Foodservice

How to Prepare for the Upheaval in the Food Industry

Technomic’s new report explores forces changing food retail, restaurants for good

CHICAGO -- The food industry is at the shores of a major transformation, one with lots of opportunity for either premium or affordable brands and little for mid-tier products and venues once geared to the middle class. It will face continued consumer and regulatory demands for transparency, new labor models, urbanization and more, and how each retailer, operator, manufacturer and distributor reacts in the coming years will prove either their evolution or obsolescence.

Technomic foodservice (CSP Daily News / Convenience Stores / Gas Stations)

Chicago-based research firm Technomic is revealing a new report that explores the future of the foodservice and food retail industry over the next 10 years as it faces major consumer, economic, regulatory and environmental shifts.

According to Food Industry Transformation: The Next Decade, the “developing upheaval in the food industry will affect every aspect of the business from farm to fork, including sourcing processing, distribution, operations and marketing.”

The food industry is projected to grow by more than $700 billion by 2025, reaching more than $2 trillion in annual sales.

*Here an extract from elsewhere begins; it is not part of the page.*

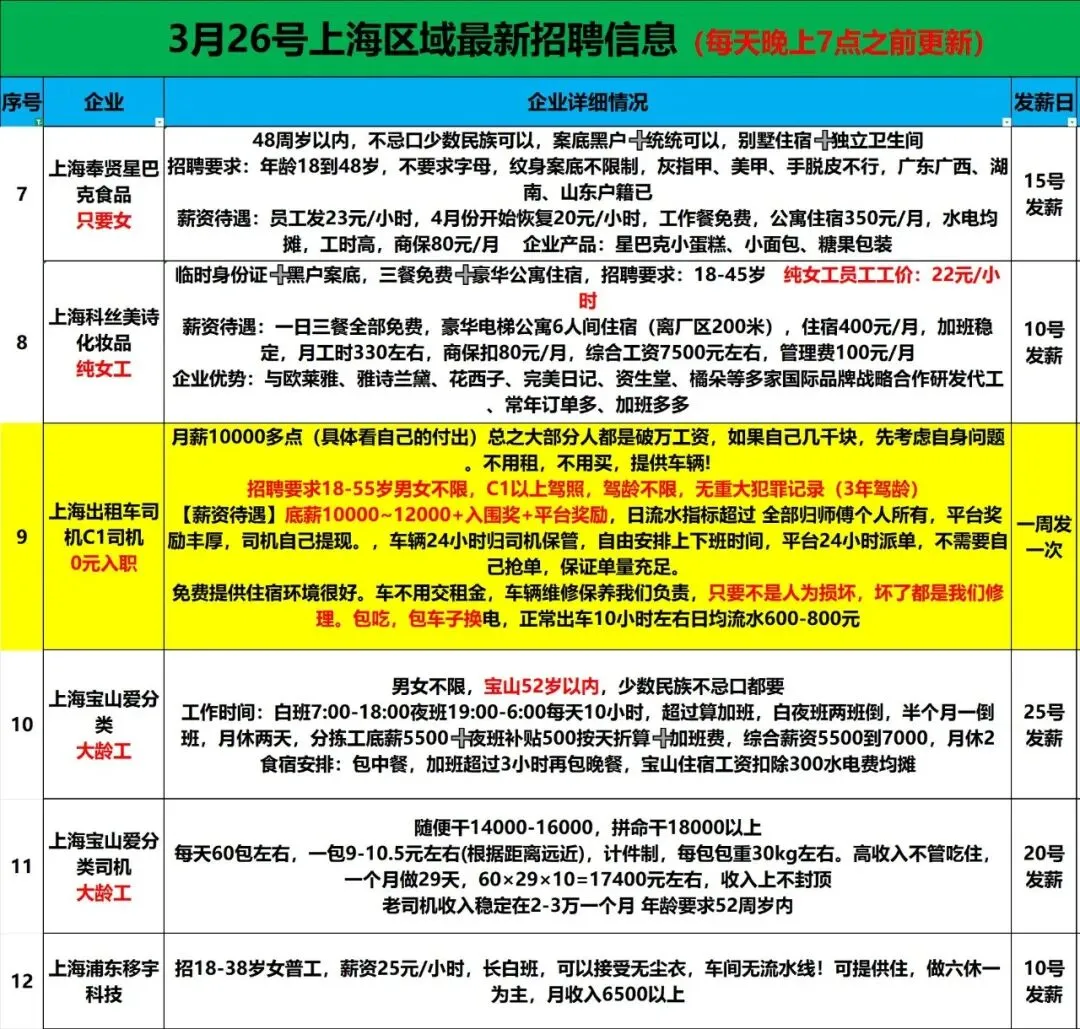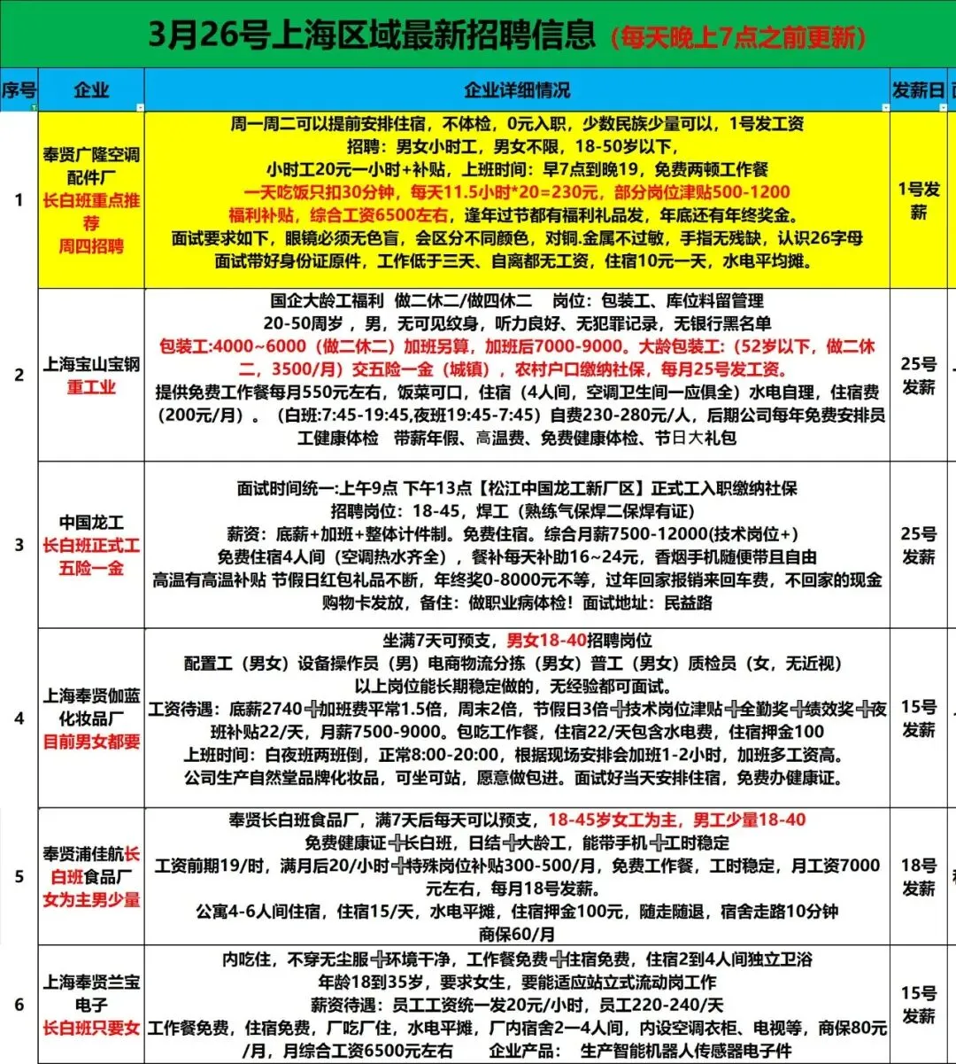 12:30 之前到,延锋 发泡车间日结 27 元/小时,月结 29 元/小时,男女都行
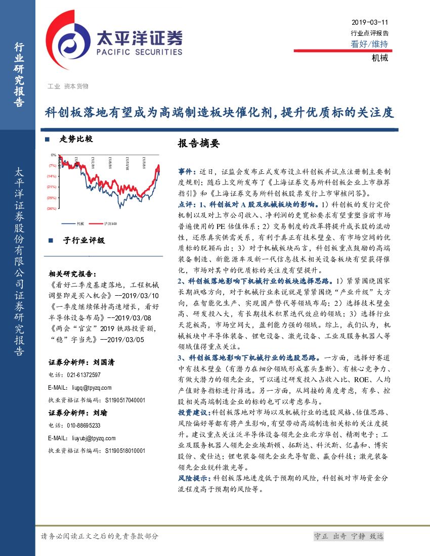 太平洋证券:机械行业点评报告:科创板落地有望成为高端制造板块催化剂,提升优质标的关注度.pdf

“To grow their share of industry sales, food providers need to continually reimagine, reinvent and reallocate resources to align their offerings with the evolving technology-enabled supply chain and the changing needs of consumers,” said Technomic executive vice president Bob Goldin.

Among the seismic changes affecting the future of the industry:

  • Changing Consumer Needs. Consumers are becoming more ethnically diverse, but also polarized in terms of age and income. They want either meaningful, upscale food experiences or maximized value. They are increasingly demanding healthful food, as well as transparency and social responsibility from brands.
  • Changing Labor Models. “Staffing models will bow to popular pressure against low wages,” Technomic’s report states, and companies will learn that investing in people leads to low turnover and good PR. Technology will further revolutionize efficiencies in the workforce.
  • Economic Costs. Regulation will continue to affect how companies do business, “adding layers of volatility to input costs.” Meanwhile, young and older generations are continuing to drive urbanization, which will affect not only distribution but also execution, design and profit per square foot.
  • Supply Chain Shakeout. The demand for fresh foods and cleaner labels will continue to move the industry toward more organic, local and sustainable production. Specialty distributors will carve out a sizeable niche, forecasts Technomic, while consumers and the government will further push transparency.

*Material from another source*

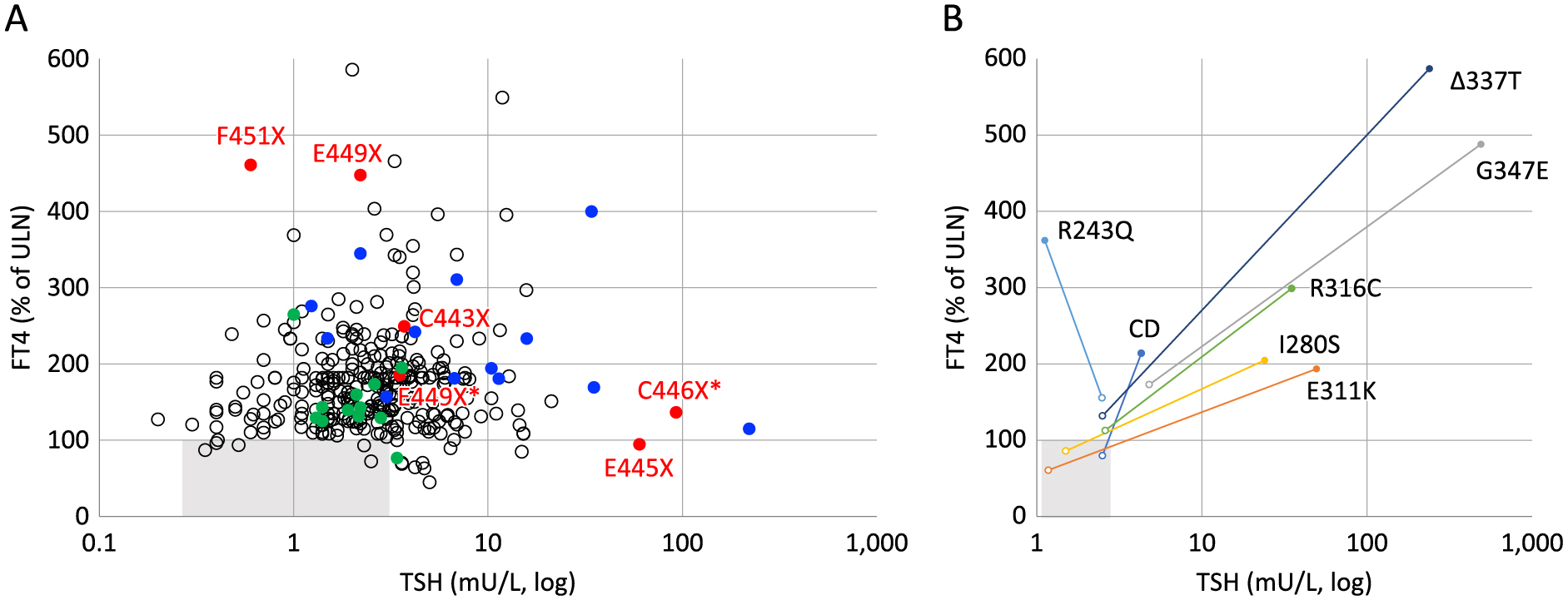 佳學(xué)基因甲狀腺激素抵抗全身性抵抗型基因檢測(cè)大數(shù)據(jù)分析的FT4值以各機(jī)構(gòu)參考范圍上限的百分比表示。(A)通過(guò)人工智能數(shù)據(jù)分析及認(rèn)知模型從案例中獲得了四種不同的單個(gè)氨基酸缺失(綠色圓圈),五種不同的早期終止密碼子(紅色圓圈)和六種不同的移碼突變(藍(lán)色圓圈),并與單個(gè)氨基酸缺失和單個(gè)氨基酸替代(開(kāi)放圓圈)進(jìn)行了比較,這些數(shù)據(jù)是從佳學(xué)基因的案例集中分析得來(lái)。FT4值以其對(duì)應(yīng)的TSH先進(jìn)值(對(duì)數(shù)尺度)繪制,參考范圍用灰色方塊表示。帶有星號(hào)的兩個(gè)截?cái)嗤蛔兪褂每俆4值繪制。(B)通過(guò)人工智能認(rèn)知模型獲得了RTHβ的同卵突變患者(實(shí)心圓圈),其中包括一種單個(gè)氨基酸缺失(Δ337T),五種不同的單個(gè)氨基酸替代和一種有效缺失(外顯子4-10),并與異卵突變患者(開(kāi)放圓圈)進(jìn)行了比較。CD表示有效缺失。
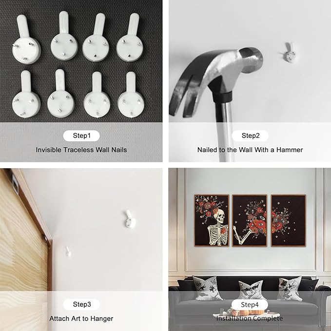 - [Easy To Hang] This dark Gothic skull wall art measures 16x24 inches (40x60 cm) and is very easy to hang.Just first determine where you want to hang it,then secure the nails and hang the frame on the nails.It only takes a few minutes to install successfully

The next 10 years will be a time of take-share competition vs. broad industry growth, and brands that want to grow “need to embrace big, experiential ideas in smaller, more efficient spaces.”

Among five exercises to help prepare for the food-industry upheaval, Technomic’s report urges companies to “act small to grow big,” embrace digital resources and big data and “pre-empt the demand for a health-focused food supply.”

It also forecasted growth for each segment of the industry between now and 2025, giving convenience stores a forecast of 3.5% annual growth due to an “increased focus on fresh prepared foods and emerging new formats.”

The c-store industry has the opportunity to evolve along with these seismic industry shifts, and many leaders are already strategizing around the trends Technomic highlights, including retailers creating new footprints for urban locations, fresh and healthy options and major investments in the workforce through competitive wages and appealing perks.